■ EXERCISE DESCRIPTION ■
Repeat exactly, and only, the lines of the entries below from the one with "Grey Women's 3/4" through the one with "В Україні запрацювала", both ends included.

■ SOURCE MATERIAL ■
——————
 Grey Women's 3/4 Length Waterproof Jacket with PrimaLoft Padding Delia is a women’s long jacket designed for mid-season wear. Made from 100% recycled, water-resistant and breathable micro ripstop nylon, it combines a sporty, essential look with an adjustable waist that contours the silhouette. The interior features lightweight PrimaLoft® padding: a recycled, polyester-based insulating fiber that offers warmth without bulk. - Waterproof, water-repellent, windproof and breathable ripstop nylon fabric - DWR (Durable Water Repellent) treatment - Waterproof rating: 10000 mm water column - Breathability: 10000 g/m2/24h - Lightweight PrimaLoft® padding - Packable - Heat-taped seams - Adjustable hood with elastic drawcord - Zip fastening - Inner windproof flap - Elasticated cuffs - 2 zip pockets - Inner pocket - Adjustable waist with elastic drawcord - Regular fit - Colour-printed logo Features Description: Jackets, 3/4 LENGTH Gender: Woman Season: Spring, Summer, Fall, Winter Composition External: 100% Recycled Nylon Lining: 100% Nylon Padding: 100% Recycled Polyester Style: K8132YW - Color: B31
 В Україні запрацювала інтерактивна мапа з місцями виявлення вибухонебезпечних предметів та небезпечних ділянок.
——————
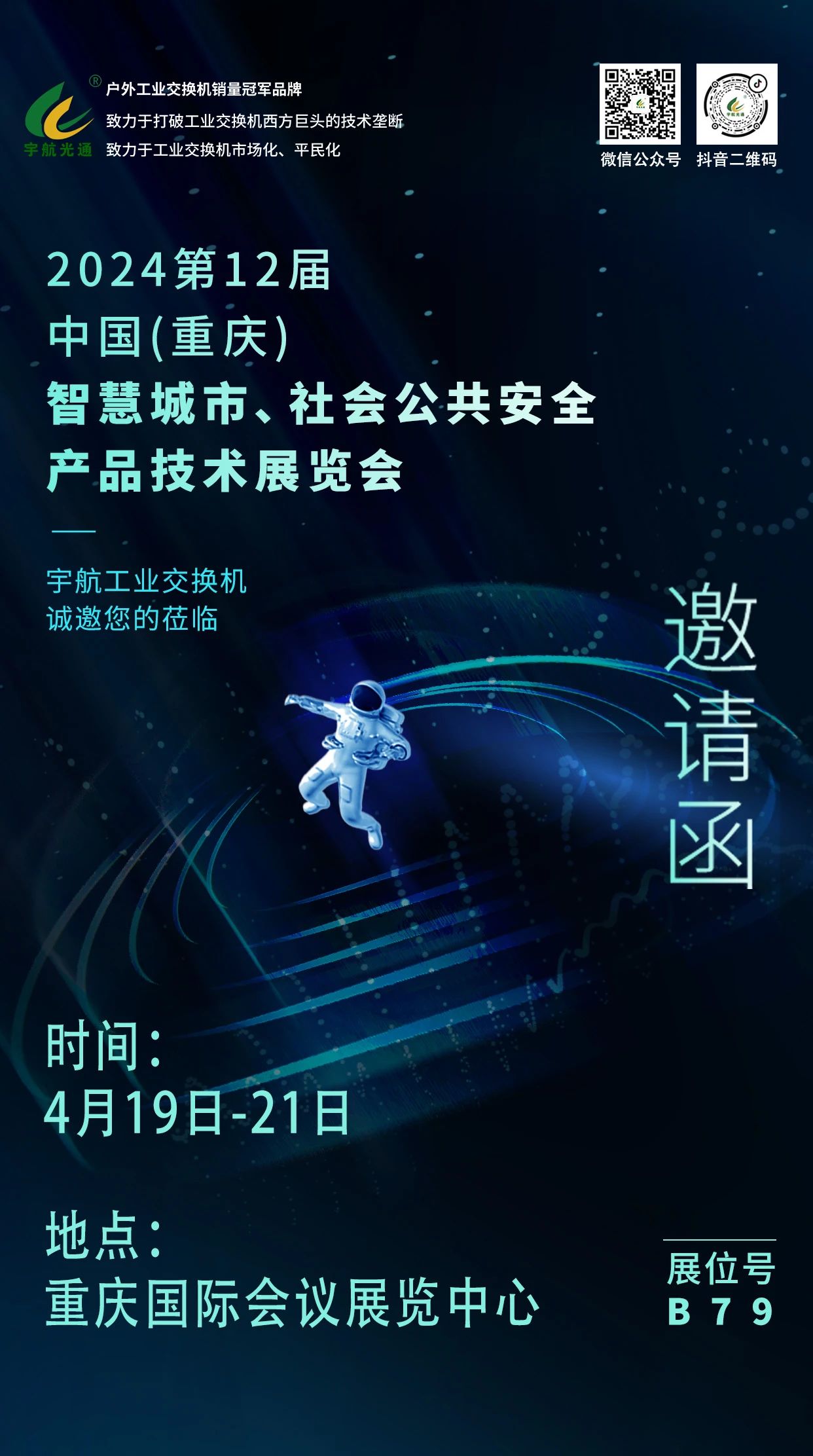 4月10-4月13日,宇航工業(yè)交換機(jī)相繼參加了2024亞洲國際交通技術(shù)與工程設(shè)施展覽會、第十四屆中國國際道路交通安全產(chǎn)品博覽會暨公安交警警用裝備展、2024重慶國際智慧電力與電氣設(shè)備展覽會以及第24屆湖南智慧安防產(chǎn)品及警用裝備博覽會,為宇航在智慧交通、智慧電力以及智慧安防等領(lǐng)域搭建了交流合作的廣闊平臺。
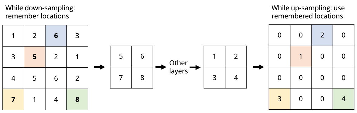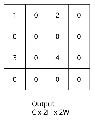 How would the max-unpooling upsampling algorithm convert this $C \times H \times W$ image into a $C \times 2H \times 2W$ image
——————
■ FINAL ANSWER ■
 Grey Women's 3/4 Length Waterproof Jacket with PrimaLoft Padding Delia is a women’s long jacket designed for mid-season wear. Made from 100% recycled, water-resistant and breathable micro ripstop nylon, it combines a sporty, essential look with an adjustable waist that contours the silhouette. The interior features lightweight PrimaLoft® padding: a recycled, polyester-based insulating fiber that offers warmth without bulk. - Waterproof, water-repellent, windproof and breathable ripstop nylon fabric - DWR (Durable Water Repellent) treatment - Waterproof rating: 10000 mm water column - Breathability: 10000 g/m2/24h - Lightweight PrimaLoft® padding - Packable - Heat-taped seams - Adjustable hood with elastic drawcord - Zip fastening - Inner windproof flap - Elasticated cuffs - 2 zip pockets - Inner pocket - Adjustable waist with elastic drawcord - Regular fit - Colour-printed logo Features Description: Jackets, 3/4 LENGTH Gender: Woman Season: Spring, Summer, Fall, Winter Composition External: 100% Recycled Nylon Lining: 100% Nylon Padding: 100% Recycled Polyester Style: K8132YW - Color: B31
 В Україні запрацювала інтерактивна мапа з місцями виявлення вибухонебезпечних предметів та небезпечних ділянок.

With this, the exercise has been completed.